В 2012 году мне удалось найти здесь, в Праге, маленькое сокровище — семейный архив Людмилы и Марианны. Это позволило восстановить многие детали биографии не только обеих сестер, но и Давида, Владимира и Николая Бурлюков. Благодаря Ольге Фиаловой, Итке Мендеовой и Яне Коталиковой, много лет хранившим архив сестер и самого Вацлава Фиалы, мы теперь можем увидеть в том числе и качественные фотопортреты Николая и Владимира.
А еще в этом архиве была рукописная книжечка стихов Давида Бурлюка, которую они с женой сделали в гостях у сестер.
Интересно, что Бурлюк считал себя в первую очередь поэтом, а уже потом художником. Среди лидеров русского авангарда он был одним из немногих, кто соединял в себе дар живописный и литературный. Эрих Голлербах в монографии «Поэзия Давида Бурлюка» писал об этом так: «И, наконец, даже знающие Бурлюка „знают“ его обычно очень поверхностно. Между тем творчество Бурлюка — чрезвычайно богатый и любопытный материал для исследователя. Для правильного понимания его поэзии и нужно, в сущности, внимательное ознакомление с его живописью и графикой. Нужно радоваться этой возможности проверить на примерах изобразительного искусства характеристику искусства слова, подметить некоторую общность законов, убедиться в единстве основных мотивов и в мощной силе индивидуального начала. Подобный случай представляется чрезвычайно редко: обычно художники слова бывают если не совсем слепы к произведениям изобразительного искусства, то довольно часто — равнодушны. <…> Случаи же сочетания профессий писателя и художника крайне редки».

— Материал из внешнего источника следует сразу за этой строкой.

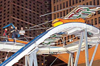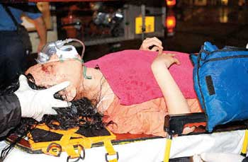 中新网4月18日电 添马舰AIA香港环球嘉年华昨(17日)晚被怪风吹袭,现场一个约30呎长,重达500公斤的巨型灯饰招牌,怀疑被风速高达80公里的狂风吹塌,跌于一个名为激流滚木机动游戏的路轨上,并压中两个载有乘客的水上过山车,其中一辆过山车上有一男两女见习医生被击中受伤,一度被困于离地约40呎高的路轨上,须由消防员救出送院,其中一名女子伤势较严重。

А вот что написала Мария Никифоровна Бурлюк во вступительном слове к 55-му номеру (1964—1965) журнала «Color and Rhyme», в котором также опубликована большая подборка стихотворений Давида Бурлюка: «„Я в этот мир пришел, чтобы встретиться с словами“, — говорит поэт о себе. Бурлюк был рожден поэтом и живописцем».
Беспристрастный читатель, конечно же, без труда поймет, что поэзия Давида Давидовича — явление гораздо меньшего масштаба, чем его живопись. Но Давид Бурлюк ценен в первую очередь сочетанием уникальных качеств. И все же одно его стихотворение вошло в историю, став одним из символов русского авангарда, хотя и является вольным пересказом стихотворения Артюра Рембо.
Каждый молод молод молод
В животе чертовский голод
Так идите же за мной…
За моей спиной
Я бросаю гордый клич
Этот краткий спич!
Будем кушать камни травы
Сладость горечь и отравы
Будем лопать пустоту
Глубину и высоту
Птиц, зверей, чудовищ, рыб,
Ветер, глины, соль и зыбь!
Каждый молод молод молод
В животе чертовский голод
Все что встретим на пути
Может в пищу нам идти.
Вот эта молодость, этот задор и являются ключевыми характеристиками авангарда, составной частью которого был и футуризм. И Давид Бурлюк, отнюдь не зря называвший себя «отцом российского футуризма», ощущал это на самом глубинном уровне и всю жизнь этим критериям соответствовал.
И сейчас, спустя 140 лет, масштаб его личности виден все отчетливее.